Print every line below exactly as written, but leave the pictures behind.

──────── Given material ────────

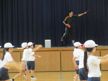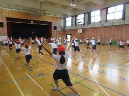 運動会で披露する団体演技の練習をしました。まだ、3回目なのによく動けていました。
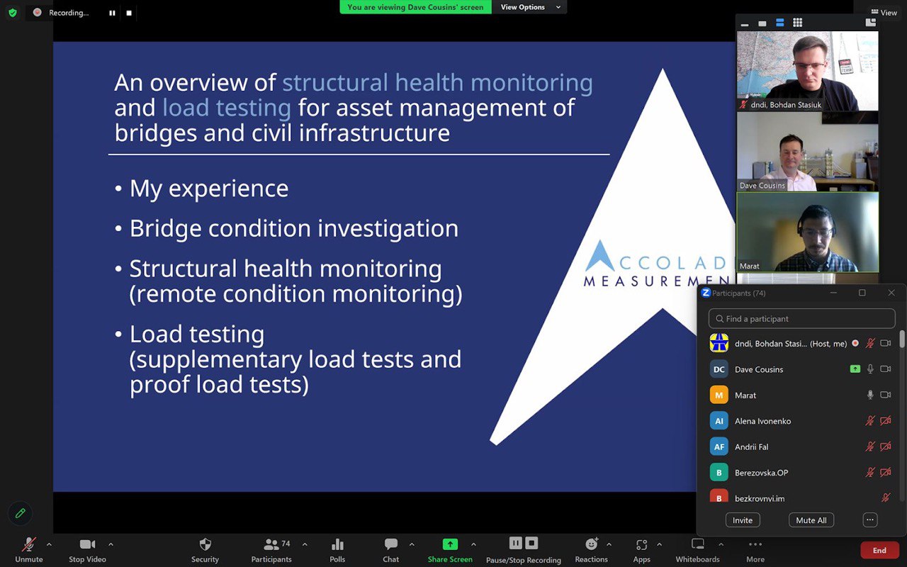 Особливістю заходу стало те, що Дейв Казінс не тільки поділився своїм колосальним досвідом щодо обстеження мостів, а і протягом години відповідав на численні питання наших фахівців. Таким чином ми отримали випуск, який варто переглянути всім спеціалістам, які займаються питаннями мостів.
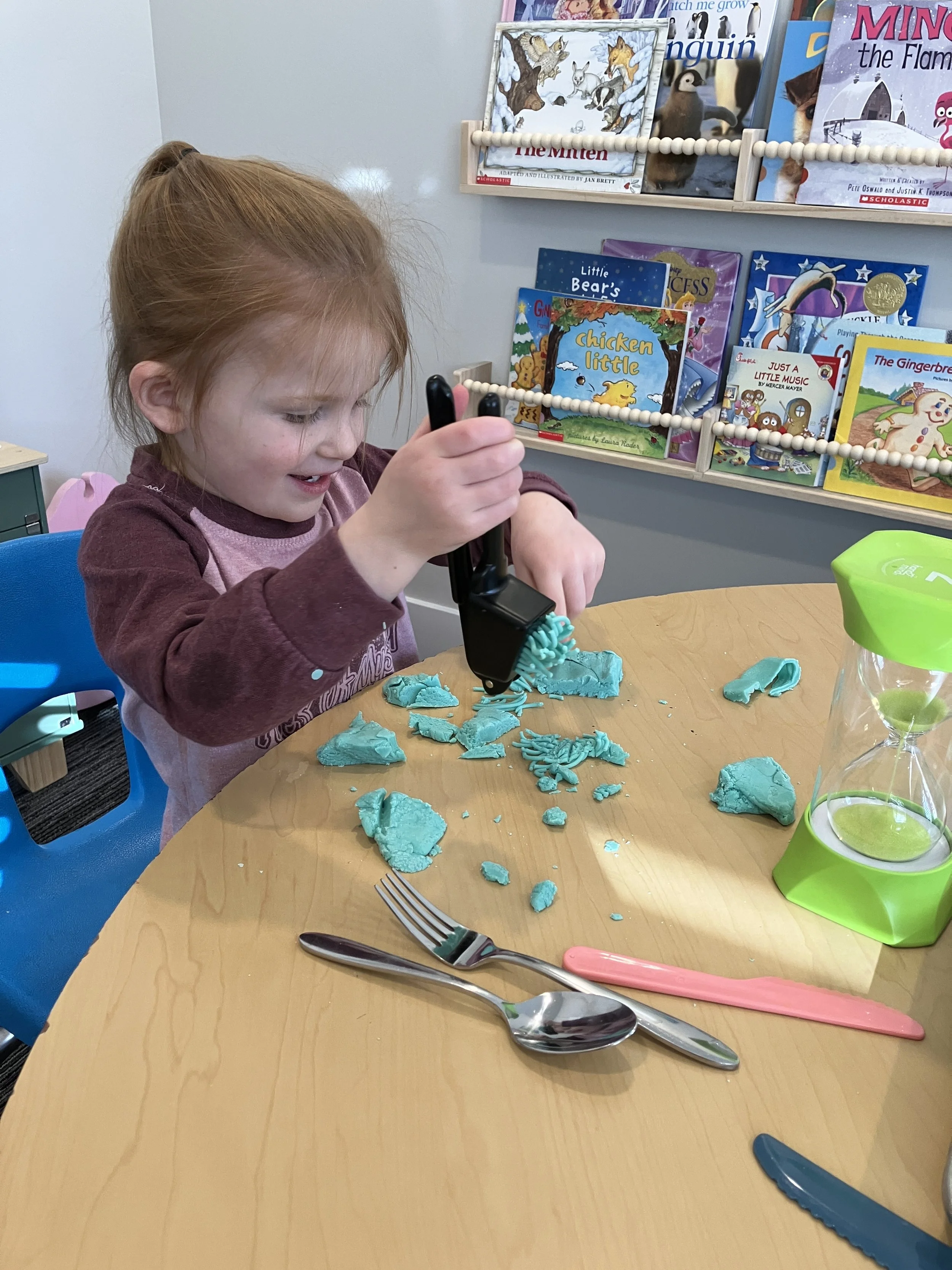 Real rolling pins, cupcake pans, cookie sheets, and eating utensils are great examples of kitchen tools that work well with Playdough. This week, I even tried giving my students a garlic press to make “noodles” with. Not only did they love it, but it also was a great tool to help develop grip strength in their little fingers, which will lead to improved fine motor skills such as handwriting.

────────

Response area:
 運動会で披露する団体演技の練習をしました。まだ、3回目なのによく動けていました。
 Особливістю заходу стало те, що Дейв Казінс не тільки поділився своїм колосальним досвідом щодо обстеження мостів, а і протягом години відповідав на численні питання наших фахівців. Таким чином ми отримали випуск, який варто переглянути всім спеціалістам, які займаються питаннями мостів.
 Real rolling pins, cupcake pans, cookie sheets, and eating utensils are great examples of kitchen tools that work well with Playdough. This week, I even tried giving my students a garlic press to make “noodles” with. Not only did they love it, but it also was a great tool to help develop grip strength in their little fingers, which will lead to improved fine motor skills such as handwriting.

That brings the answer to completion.